HMV was founded on July 20, 1921, in London, United Kingdom. The company fell victim to the online shopping trend. — File photo shows HMV store in Hertfordshire.
Putman stated that Sunrise Records is "delighted to acquire" HMV, which he described as the most historic music and entertainment business in the United Kingdom. He added that he knows that the "physical media business" is here to stay, and he appreciates everybody's support, which ranges from landlords, their suppliers, workers and consumers.
In an article by the CBC, professor Christian Stadler, who teaches management at the Warwick Business School in England, noted that the HMV sale is "excellent news" for anybody that is interested in buying hard copies of music as opposed to streaming music online.
However, Professor Stadler added that it is "foolish" to think that there is room for considerable growth. He further stated that the new owners of HMV will need to focus on finding ways to ensure a future for their company.

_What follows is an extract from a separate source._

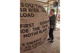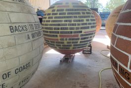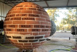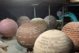 Alex and his team in Australia have completed production on Gordon's latest commission 'Down to Earth'. The artwork to be sited at St Peters Interchange parkland in Sydney is a series of typographic brick spheres with texts from eminent Australian writers, poets and lyricists.

As indicated in Forbes, the sales of physical music media have slumped as customers replaced them with streaming services, and the statistics are quite staggering. In 2018, album sales in the United Kingdom amounted to 32 million units, which is 100 million units less than the number of discs that were sold just over a decade ago in 2008; moreover, this was a drop of 9.6 million "year-on-year" according to the BBC.